[Data block]:
===
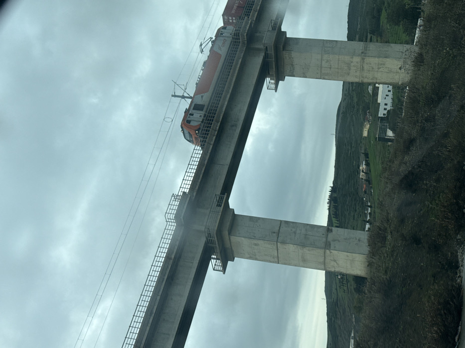 The image displays a concrete railway viaduct spanning a verdant, hilly landscape under an overcast sky in Al Bahraoyine, Morocco
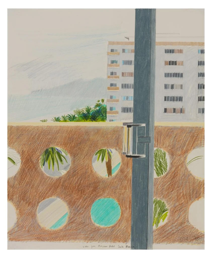 The artist would resettle in London in 1968 but made a return visit to L.A. in 1970, staying at the storied Miramar Hotel, which had been converted from a Victorian-period mansion. In the drawing, which measures 17 inches high, one looks out from behind glass doors from a poolside bungalow and through the perforations in the wall of a balcony, beyond which lie palm trees and a swimming pool, with the foothills of the Santa Monica Mountains in the distance.
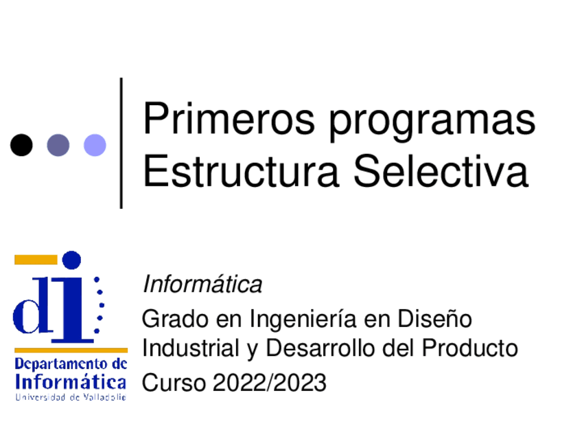 He publicado nuevos apuntes de 1º Informática: Primeros-programas-Estructura-Selectiva.pdf
===
[What this task involves]:
Except for the pictures, please retype the listing above exactly.

[Answer box]:
 The image displays a concrete railway viaduct spanning a verdant, hilly landscape under an overcast sky in Al Bahraoyine, Morocco
 The artist would resettle in London in 1968 but made a return visit to L.A. in 1970, staying at the storied Miramar Hotel, which had been converted from a Victorian-period mansion. In the drawing, which measures 17 inches high, one looks out from behind glass doors from a poolside bungalow and through the perforations in the wall of a balcony, beyond which lie palm trees and a swimming pool, with the foothills of the Santa Monica Mountains in the distance.
 He publicado nuevos apuntes de 1º Informática: Primeros-programas-Estructura-Selectiva.pdf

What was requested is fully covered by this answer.